1)Life Before Version Controls Systems:

Humans evolve, and so does technology. We have come a long way from vacuum tubes to microprocessors. Along the journey, programmers kept pushing the art of coding to its limits.
As software projects became larger and more complex, more developers started working together on the same codebase. This created a new set of problems:
How do we keep track of code history?
How do we know who made a change?
Which file is the latest version?
How can multiple developers work on the same project without creating chaos?
Back then, these problems didn't have a proper solution.
1)The Genius Pendrive Solution:
Then came the pendrive:
Developers started using a shared pendrive as a single source of truth. A developer would make changes, save them to the pendrive, and pass it on to the next person.
For a while, it seemed like a clever solution.
However, this approach had several limitations:
Developers had to physically carry the pendrive everywhere.
Only one person could safely work on the project at a time.

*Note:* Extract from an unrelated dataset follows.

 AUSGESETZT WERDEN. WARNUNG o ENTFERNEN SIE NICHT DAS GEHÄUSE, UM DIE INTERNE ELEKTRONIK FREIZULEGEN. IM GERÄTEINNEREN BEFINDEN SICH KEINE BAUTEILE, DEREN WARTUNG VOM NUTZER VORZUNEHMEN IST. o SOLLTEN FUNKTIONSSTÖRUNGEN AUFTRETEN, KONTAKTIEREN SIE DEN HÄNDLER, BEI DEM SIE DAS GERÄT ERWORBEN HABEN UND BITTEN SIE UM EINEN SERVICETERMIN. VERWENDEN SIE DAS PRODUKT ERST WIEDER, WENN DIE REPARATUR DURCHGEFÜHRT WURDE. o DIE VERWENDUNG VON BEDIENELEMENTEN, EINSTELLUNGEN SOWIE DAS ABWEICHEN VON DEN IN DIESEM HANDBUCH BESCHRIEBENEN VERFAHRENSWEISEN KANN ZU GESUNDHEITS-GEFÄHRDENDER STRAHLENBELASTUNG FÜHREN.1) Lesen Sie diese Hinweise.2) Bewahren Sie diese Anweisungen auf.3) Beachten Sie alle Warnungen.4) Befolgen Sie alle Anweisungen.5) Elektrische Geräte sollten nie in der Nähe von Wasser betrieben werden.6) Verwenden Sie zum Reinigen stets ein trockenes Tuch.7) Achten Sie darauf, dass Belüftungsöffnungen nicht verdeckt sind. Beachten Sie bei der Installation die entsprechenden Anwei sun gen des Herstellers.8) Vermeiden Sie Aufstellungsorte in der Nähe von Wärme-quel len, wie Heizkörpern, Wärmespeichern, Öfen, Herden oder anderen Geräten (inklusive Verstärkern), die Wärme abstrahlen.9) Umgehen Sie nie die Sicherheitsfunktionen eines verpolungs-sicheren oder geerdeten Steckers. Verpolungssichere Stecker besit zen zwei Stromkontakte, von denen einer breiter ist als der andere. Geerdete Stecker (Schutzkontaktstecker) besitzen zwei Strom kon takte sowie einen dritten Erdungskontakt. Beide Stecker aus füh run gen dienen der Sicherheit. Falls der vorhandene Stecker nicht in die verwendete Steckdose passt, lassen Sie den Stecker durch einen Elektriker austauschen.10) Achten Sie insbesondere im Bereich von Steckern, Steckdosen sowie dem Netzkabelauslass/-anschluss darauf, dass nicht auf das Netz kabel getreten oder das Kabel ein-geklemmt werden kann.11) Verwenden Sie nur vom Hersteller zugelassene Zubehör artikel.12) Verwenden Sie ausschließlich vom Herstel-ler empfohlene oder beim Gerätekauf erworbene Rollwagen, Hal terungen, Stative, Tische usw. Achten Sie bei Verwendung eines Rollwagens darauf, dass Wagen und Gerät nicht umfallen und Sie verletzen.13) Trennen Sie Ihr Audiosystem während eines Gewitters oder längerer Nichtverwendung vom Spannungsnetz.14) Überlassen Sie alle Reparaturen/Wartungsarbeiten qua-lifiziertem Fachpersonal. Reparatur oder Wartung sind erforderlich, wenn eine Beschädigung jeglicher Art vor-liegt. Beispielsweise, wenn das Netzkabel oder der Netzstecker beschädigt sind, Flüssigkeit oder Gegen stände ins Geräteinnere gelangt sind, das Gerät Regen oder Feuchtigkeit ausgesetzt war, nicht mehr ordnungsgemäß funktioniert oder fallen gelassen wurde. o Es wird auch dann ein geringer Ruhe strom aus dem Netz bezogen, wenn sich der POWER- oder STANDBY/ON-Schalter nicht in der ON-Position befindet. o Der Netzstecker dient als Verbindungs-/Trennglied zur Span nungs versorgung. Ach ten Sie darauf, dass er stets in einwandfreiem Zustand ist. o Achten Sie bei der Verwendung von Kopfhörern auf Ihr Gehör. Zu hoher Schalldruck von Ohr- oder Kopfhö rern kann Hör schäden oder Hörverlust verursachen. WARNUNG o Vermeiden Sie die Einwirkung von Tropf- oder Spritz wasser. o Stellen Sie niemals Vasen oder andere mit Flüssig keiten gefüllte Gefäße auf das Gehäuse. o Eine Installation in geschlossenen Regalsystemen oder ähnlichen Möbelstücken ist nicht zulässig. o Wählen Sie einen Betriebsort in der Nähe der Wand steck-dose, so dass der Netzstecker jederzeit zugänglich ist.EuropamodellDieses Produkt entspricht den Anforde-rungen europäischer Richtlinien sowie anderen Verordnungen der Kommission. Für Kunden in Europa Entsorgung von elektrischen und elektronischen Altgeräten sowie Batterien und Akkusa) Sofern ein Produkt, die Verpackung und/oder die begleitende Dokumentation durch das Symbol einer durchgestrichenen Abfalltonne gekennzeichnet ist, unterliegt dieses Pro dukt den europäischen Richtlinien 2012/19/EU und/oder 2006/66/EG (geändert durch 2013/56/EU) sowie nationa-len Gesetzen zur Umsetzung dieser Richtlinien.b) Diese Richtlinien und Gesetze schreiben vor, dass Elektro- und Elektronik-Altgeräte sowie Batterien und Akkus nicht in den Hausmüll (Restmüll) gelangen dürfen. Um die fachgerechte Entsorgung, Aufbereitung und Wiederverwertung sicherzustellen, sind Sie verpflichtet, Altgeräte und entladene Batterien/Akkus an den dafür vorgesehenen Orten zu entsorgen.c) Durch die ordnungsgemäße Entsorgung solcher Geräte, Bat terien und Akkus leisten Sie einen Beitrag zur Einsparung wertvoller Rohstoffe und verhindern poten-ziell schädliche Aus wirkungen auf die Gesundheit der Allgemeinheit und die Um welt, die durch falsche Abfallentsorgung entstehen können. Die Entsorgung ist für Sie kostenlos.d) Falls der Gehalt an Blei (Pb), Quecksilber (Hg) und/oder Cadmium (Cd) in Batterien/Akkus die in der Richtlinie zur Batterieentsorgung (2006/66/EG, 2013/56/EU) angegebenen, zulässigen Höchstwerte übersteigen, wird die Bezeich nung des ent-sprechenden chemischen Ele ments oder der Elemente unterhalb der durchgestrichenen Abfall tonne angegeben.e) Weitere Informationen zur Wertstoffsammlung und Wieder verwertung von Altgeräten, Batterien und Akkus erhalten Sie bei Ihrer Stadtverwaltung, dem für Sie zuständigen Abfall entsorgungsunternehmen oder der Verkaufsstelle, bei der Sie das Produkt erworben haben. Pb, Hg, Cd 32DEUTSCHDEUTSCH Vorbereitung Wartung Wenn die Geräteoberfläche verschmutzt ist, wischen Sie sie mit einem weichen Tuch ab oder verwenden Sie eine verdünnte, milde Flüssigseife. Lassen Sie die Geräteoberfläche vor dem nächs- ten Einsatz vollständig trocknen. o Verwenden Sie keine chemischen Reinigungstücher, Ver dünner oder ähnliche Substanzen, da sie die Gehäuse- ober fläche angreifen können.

Remote collaboration was impossible.
Files were often overwritten accidentally.
Tracking changes was still difficult.
There was no reliable history of the project.
Even with pendrives, developers still found themselves dealing with files named:
project_final
project_final_v2
project_final_latest
project_final_final
And somehow nobody knew which one was actually the final version.

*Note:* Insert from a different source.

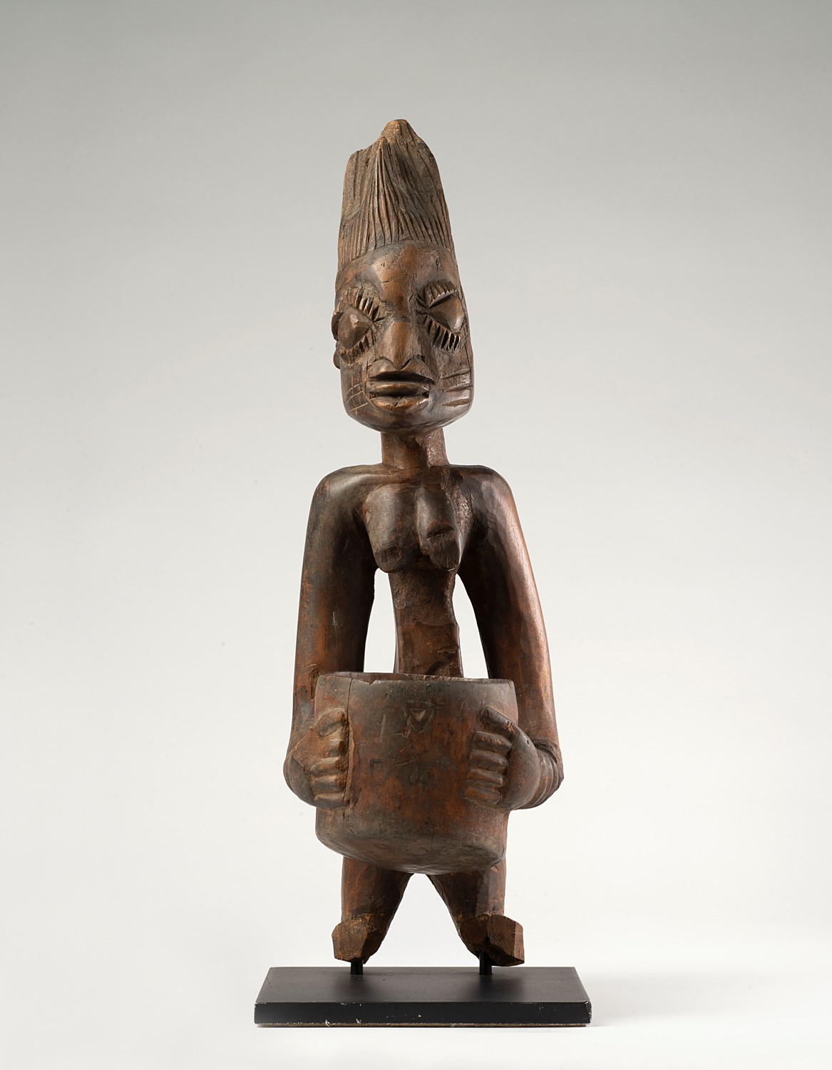 L’immagine della donna è uno dei temi che ricorre spesso nella scultura Yoruba. La figura femminile mette nella coppa delle offerte per uno degli dei del pantheon Yoruba, mentre lo prega per ottenere da lui pace e concordia.La donna indossa il grande copricapo a mitra tipico delle statue Yoruba. Il viso è curato e riprende i caratteristici tatuaggi delle opere di questo gruppo, mentre lo scultore ha dato maggior importanza al grosso vaso rituale che la donna regge con le grandi mani.Quest’opera, scolpita senza preziose rifiniture, è un’interpretazione arcaica degli stili tradizionali Yoruba.

2)Then Came the Real OG: Version Control Systems
The real breakthrough came with Version Control Systems (VCS).
One of the most popular VCS tools today is Git.

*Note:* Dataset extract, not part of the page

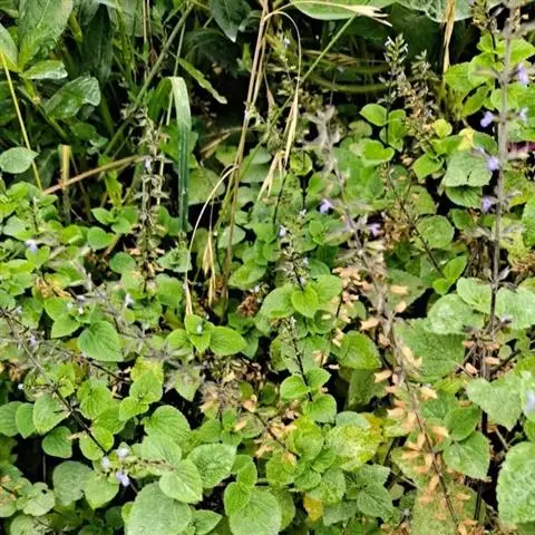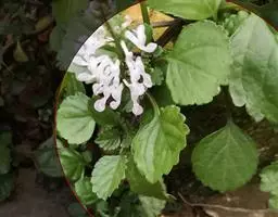 叶通常4对,卵圆形或椭圆状卵圆形,长3—11厘米,宽2—4.5厘米,先端渐尖或短渐尖,基部圆形,边缘疏生极不明显的小齿或浅波状或近全缘,两面无毛,背面密生小凹腺点,侧脉约4对;叶柄水红色,长0.7—1.2厘米,被具腺柔毛。总状花序顶生间或腋生,长9—15厘米,花对生,花梗长2—2.5毫米,与序轴密微柔毛及具腺柔毛;苞片退化。花萼于花时常呈紫红色,长约2毫米,外被微柔毛,盾片开展,半圆形,高1.5毫米。

Its story is closely connected to Linus Torvalds, the legendary developer behind the operating system known as Linux. While managing the development of Linux, Linus created Git to solve the growing challenges of tracking and managing changes in a large software project.
Git made it possible to:
Track the complete history of a project.
Know exactly who made a change and when.
Restore previous versions if something breaks.
Work on multiple features simultaneously.
Merge contributions from different developers.
Save countless hours of manual work and confusion.
Developers no longer had to memorize which file contained the latest changes or worry about losing important work.
3)The Concept of GitHub:
Git solved version tracking, but another revolutionary idea followed: hosting Git repositories on servers.
This idea led to platforms like GitHub.
Instead of relying on a pendrive as the single source of truth, developers could now store their repositories online and access them from anywhere.
This made it possible for:
Thousands of developers to collaborate on the same project.
Remote teams to work together seamlessly.
Open-source projects to grow at an incredible scale.
Contributions to be tracked and reviewed efficiently.
Today, GitHub hosts some of the world's largest open-source projects and has completely transformed the way software is built.
4)Conclusion
The journey from pendrives to Version Control Systems shows how software development evolved to solve real-world collaboration problems.
What started as manually passing files between developers eventually became sophisticated systems capable of tracking every change, every contributor, and every version of a project.
Without Version Control Systems such as Git, modern software development would be nearly impossible.